Rays of angled sunlight scoop up the reflections
of the pool and invert them on the ceiling in
camera obscura that cascades lucent tears
down the window glass.

The shimmering of light on the ceiling
is a warbling of some ionic phenomenon
like a beam from another world, maybe from you..
I don’t know, we never believed that way.
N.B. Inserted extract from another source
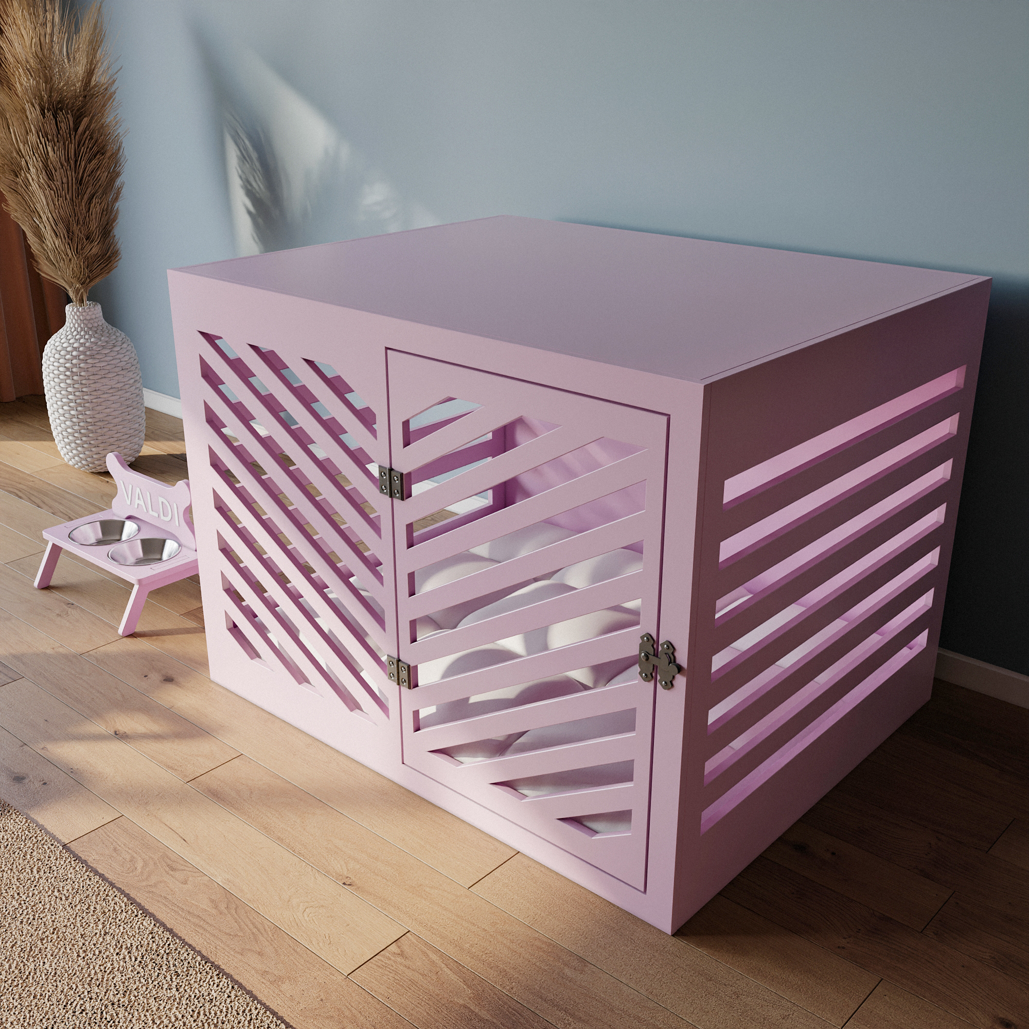 Modern Köpek Kulübesi Küçük Boy V Kapı Model, El Yapımı, Birinci Sınıf Ahşap, Hediye Mama Kabı

Yet
I stand within it rectified, forgiven, re-loved,
the gift of a bride and the legacy of a mother.
I let you fill yourself up in me,
both out selves in total eclipse.

Blue Mesa Review, Spring 2007, #19, University of New Mexico

FALLING IN LOVE AT 80

Because I feel the moon-tide I can’t believe
it is not also drawn to me

or that the mountain is unaware of my awe
of its majesty

or you would not sympathize with my tear
or kiss or that the kiss and tear are not greater
than your ambivalence.

Then why do you doubt my expertise
             in natural selection
and reject what I know is best for you?

Love, no matter from where it comes,
lopsided or asymmetrical,
is greater than you and I whether
you know it not just now.

I can’t believe that the shining of my love
does not expose the doubtful doubts in your mind
and shame your denial.

Even though you insist you don’t love me,
you can’t dismiss the moon tide or the mountain of adoration
or assert that my tidal power is mere conceit.
After all I experienced love at first sight
when I was young  and penniless.

Don’t believe that I’m an expired male
who only love from memory,
each dim passion some three generations old.
I won’t accept your argument that my conceit
exploits you to make this poem

Do you think I kid myself?
If you persist, I will awake morning after night.
roll over, thank God I’m still alive and free

and with the blessed shortening
of my memory forget
for whom I wrote this poem.

Solo Café 4&5, Solo Press 2009

FROM THE TOP OF THE CLIFF AT TORREY PINES

For Stefi

We walk the cliff above the ocean.
Boulders rock in the undertow for miles below.
The sea looks as if it were crawling uphill.
Gulls shoot out from behind us.
They seem to skim the light from the body of water.
Something is leaving us.

She asks to run ahead while I, out of breath,
fall back to smoke my pipe.  I imagine a three
dimensional gauge set in lace – a giant
yellow wooden ruler whose numbered scales
are writ large for my near-sighted eyes.
It measures distances in the sea exactly
on a north-south line with the Scripps Institute
of Oceanography.

That damned gauge divides everything:
depth from breadth and height, history
from prehistory, science from art, her forward motion
and my retreat. Everyone has left except for a
student walking the baseline of the beach
looking up towards outer space.

And she is beyond the last bend, out of sight.